Not me. And even if they are, they often don't last long. There must be a lot of disposable numbers in use out there.

"What if the student stops showing up after eight, but nobody mentions it until ten or eleven?"

Please, PLEASE, use a blog post to explain what you think the rules are from the Federal Government, how you know that this interpretation is correct, and hence what you think the faculty are supposed to be doing at every college in the US with respect to attendance for the purposes of verifying financial aid.

At my college, faculty are only required to report attendance for a very small number of fairly specific time windows. My version would be "what if nobody asks about it until the tenth or eleventh week?" It's not like I regularly bump into the director of financial aid and just happen to "mention" that some student hasn't been seen for awhile.

Either we are doing it wrong or you are wasting a lot of effort that is not required by the regulations. I'd guess a little of both.
 
I'm not surprised about the prior degree or the phone number being incorrect, either.

I echo CCPhysicist. I'm required to report attendance next week and around midterms for the last time. If someone stops showing up, I've never been told that I need to tell financial aid immediately.

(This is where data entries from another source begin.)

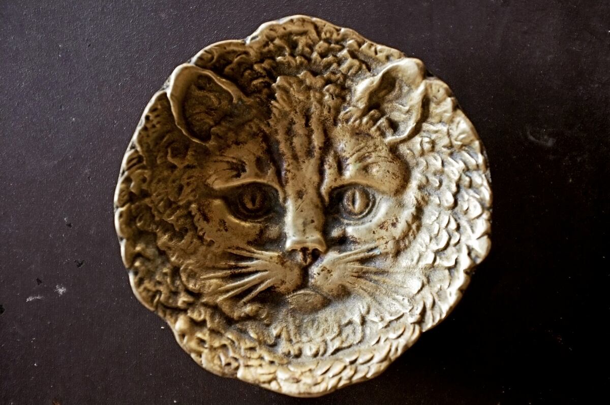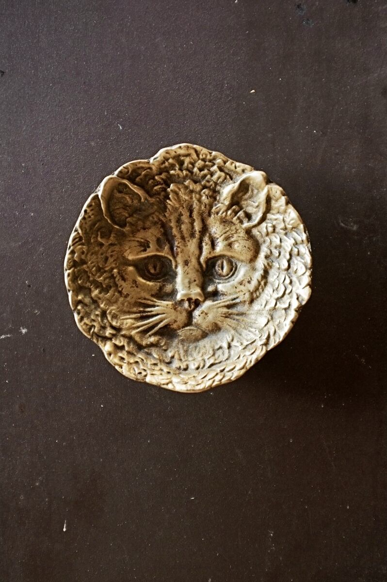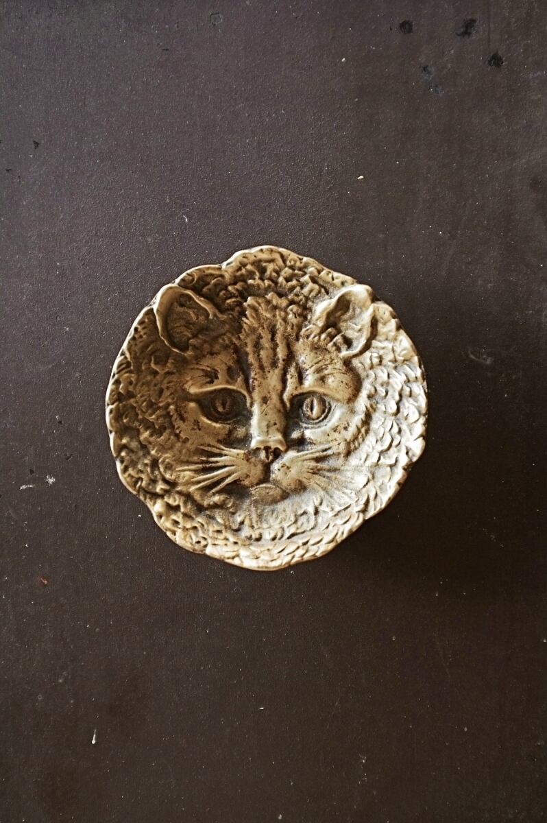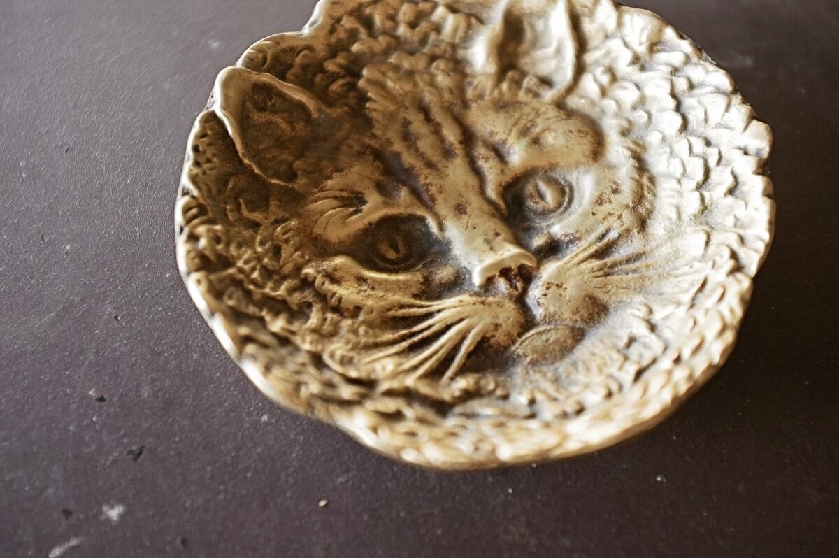 フランス ヒポコンデリー気質の尨猫とトレイ ブロンズ アンティーク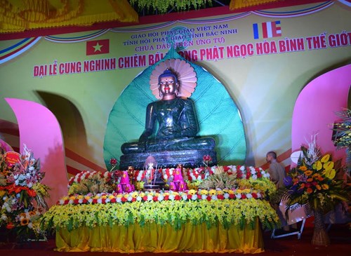 (VOV5) - Tối 25/8 (tức 23 tháng Bảy âm lịch), tại chùa Dâu (Diên Ứng tự), Tỉnh hội Phật giáo Bắc Ninh tổ chức Đại lễ cung nghinh tượng Phật ngọc hòa bình thế giới.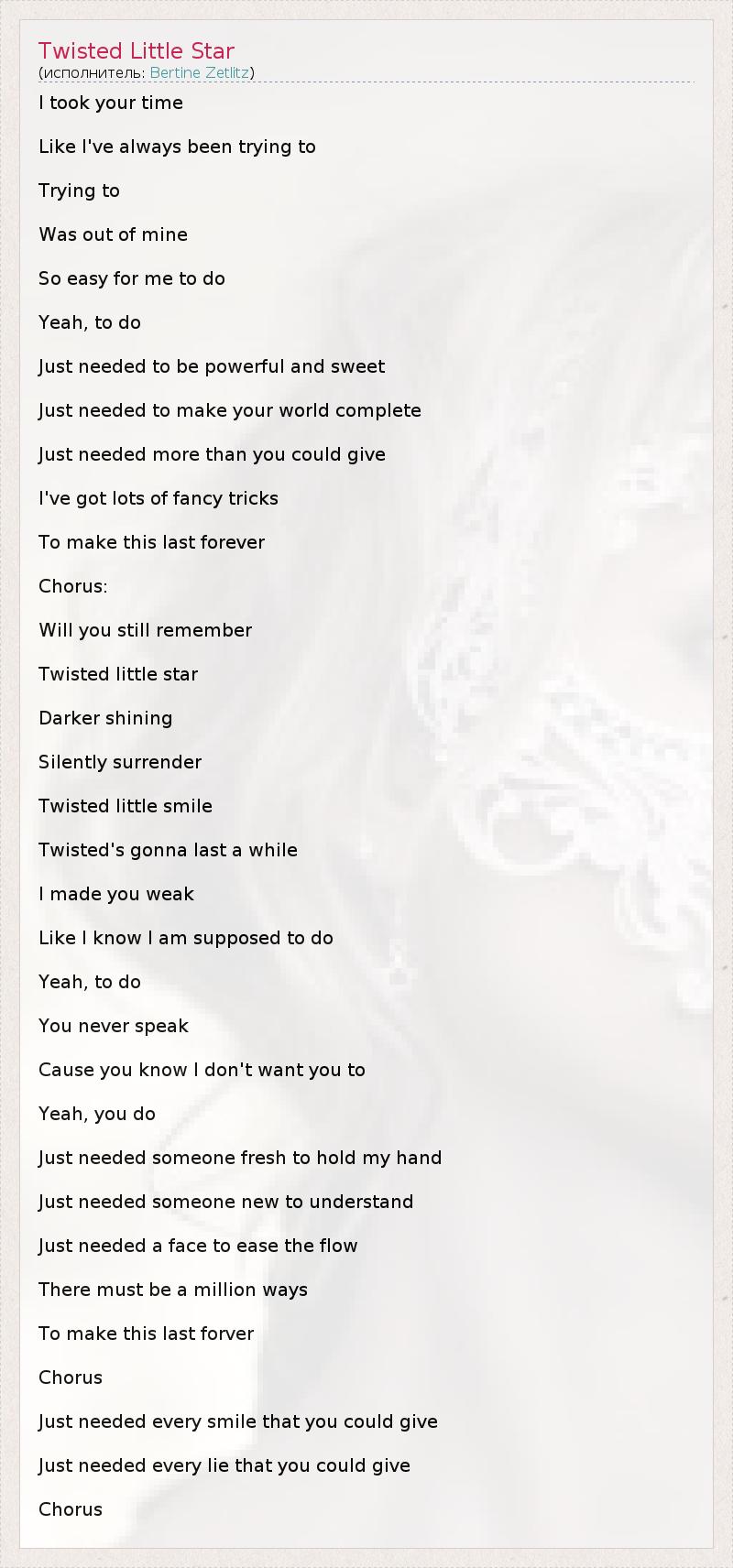 А как ты думаешь, о чем песня "Twisted Little Star" ?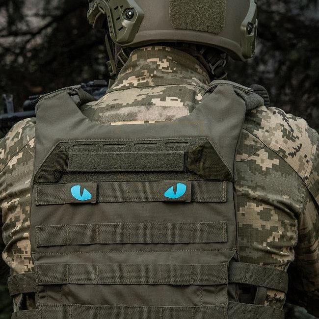 M-Tac Blue Tiger Eyes Patch Découpé au Laser en Vert Ranger. Fabriqué en matériau de devant Cordura 500D, avec des propriétés de stockage de lumière. Dos avec surface à crochet. Dimensions sont 40 x 25 mm.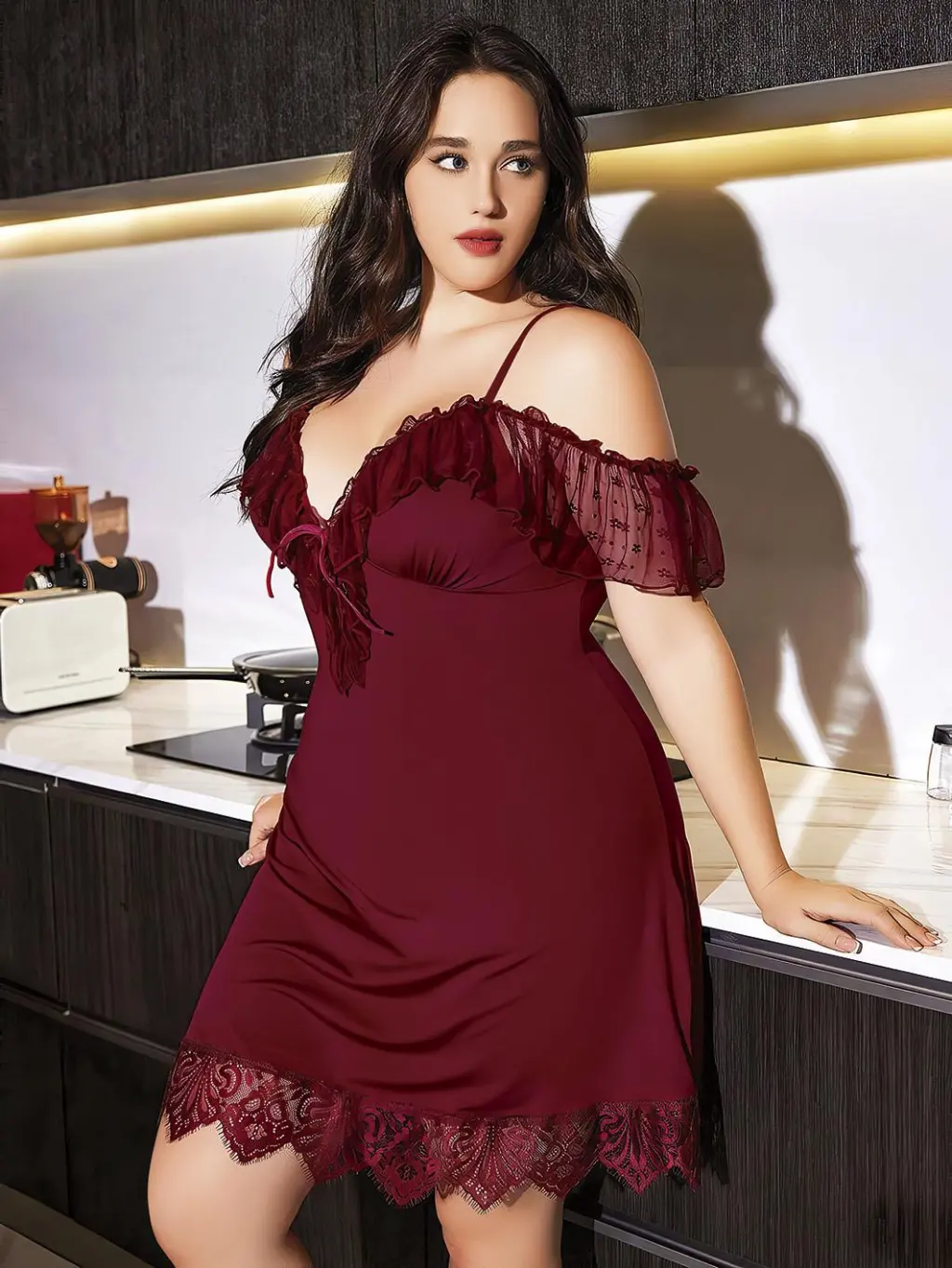 • Büyük Beden Bordo Dantel İşlemeli İnce Askılı Gecelik

And at my school, the financial aid folks make mistakes quite frequently, often at the expense of the students. At least now you've helped to shed light as to why this occurs.
 
All of our classes are now hybrid and attendance is based upon online participation since the class only meets once a week. If a student drops a class after it has started, they have to verify on two different screens they they 1) are withdrawing 2)when they are coming back 3)if they have FA this will impact it.

All of our FA stuff is kept within the student portal. All communications to students are via email then 2 attempts via letter. No personal information is in the emails/letters. Just directed to the portal.
 
Vaccinations? Why is this an issue?
 
John, regarding the vaccinations, it may be required by the state. I know when I wanted to take an accounting class at the college where I work I had to provide proof of up to date tetanus and MMR vaccinations before I could register. (Seemed totally goofy to me and our Registrar, but there you go.)

Dean Dad, thanks for acknowledging the complicated and often unappreciated job that folks in Financial Aid do.
 
I would guess that the reason your school is requiring a MMR is because in the 90's a bunch of college kids got the measles despite having followed the prescribed vaccination schedule because their immunity dropped off over time. Tetanus might have meant the TDaP – recently required because of the huge outbreak of Pertussis (Whooping Cough) last year (10,000 cases in CA alone) again because of waning immunity in the vaccinated community of kids. Both measles and Pertussis are spread by aerosols so any large gathering of susceptible people increases the risk of an outbreak – which means that schools are hotbeds of contagion (as we saw with H1N1, where several schools had massive outbreaks even after everyone knew the virus was out there and a potential risk).